| |
George Marion O'Donnell was born January 21, 1914, on the Silver Home
Plantation near Midnight, Mississippi. Upon graduating from the Belzoni,
Mississippi, high school in 1932, he entered Memphis State University.
In 1934, he transferred to Vanderbilt University, where he was influenced
by several well-known Southern literary figures, including Allen Tate,
Cleanth Brooks, and Andrew Lytle. He received a Bachelor of Arts in English
from Vanderbilt in 1936 and continued his graduate studies there, receiving
the Master of Arts in 1939.
Having completed his studies, O'Donnell embarked upon a career as a college
English professor and writer. As a teacher, he specialized in modern literature
and creative writing, but also taught a variety of classes ranging from
freshman composition to world literature, arts, and philosophy. He spent
1939-40 at Vanderbilt as a fellow in creative writing. From 1941 to 1945,
he taught at Alabama Polytechnic Institute (now Auburn University), then
served as a guest instructor at Harvard University from 1945 to 1947.

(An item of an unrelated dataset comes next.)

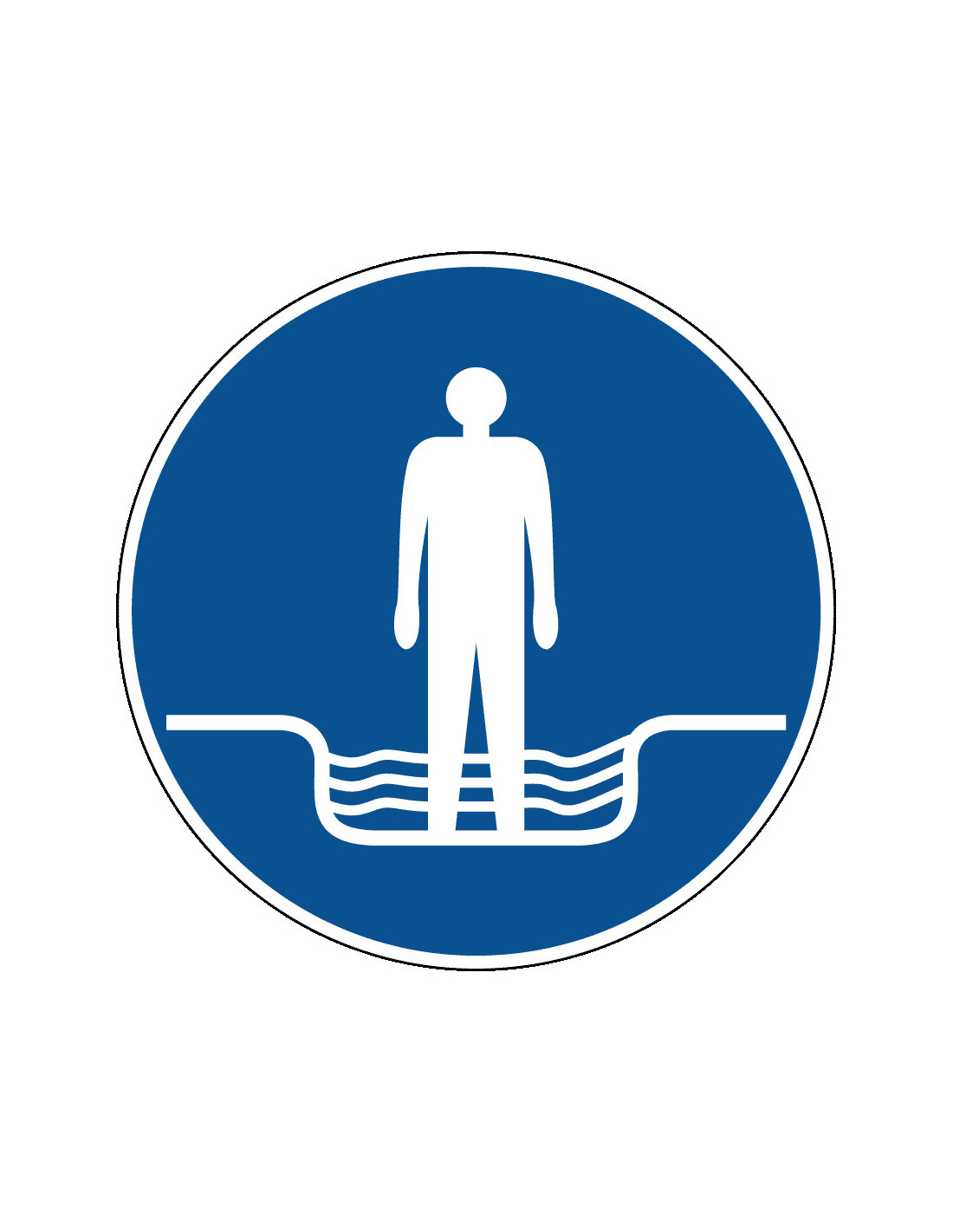 Verder is het voeten bad verplicht symbool gekeurd volgens de laatste veiligheidsnorm. Het bord is gemaakt van kunststof, wat hem geschikt maakt voor binnen- en buitengebruik. Bovendien is het bord temperatuurbestendig van -40 tot +60 °C en resistent tegen oplosmiddel en lichte chemicaliën. Het bord is licht, stabiel en niet makkelijk ontvlambaar.

After two years as an assistant professor at Louisiana State University
in Baton Rouge, O'Donnell was appointed to a professorship at Oglethorpe
University near Atlanta, Georgia, where he taught from 1947 to 1957.
The papers of George Marion O'Donnell date from approximately the 1870s
to 1982. The bulk of the collection, however, dates from the 1940s and
1950s. It includes O'Donnell's correspondence, journals, and daybooks,
which reflect his interest in modern literature and the influence of several
Vanderbilt and other Southern literary figures over his own work. His
correspondence includes one letter each from Allen Tate, John Peale Bishop,
and Harriet Owsley, and a brief scribbled note from John Crowe Ransom.
His journals from the 1930s and letters from friends and colleagues in
the 1940s, however, often mention Tate and Ransom, along with Andrew Lytle,
Cleanth Brooks, Eudora Welty, Carson McCullers, and Katherine Anne Porter.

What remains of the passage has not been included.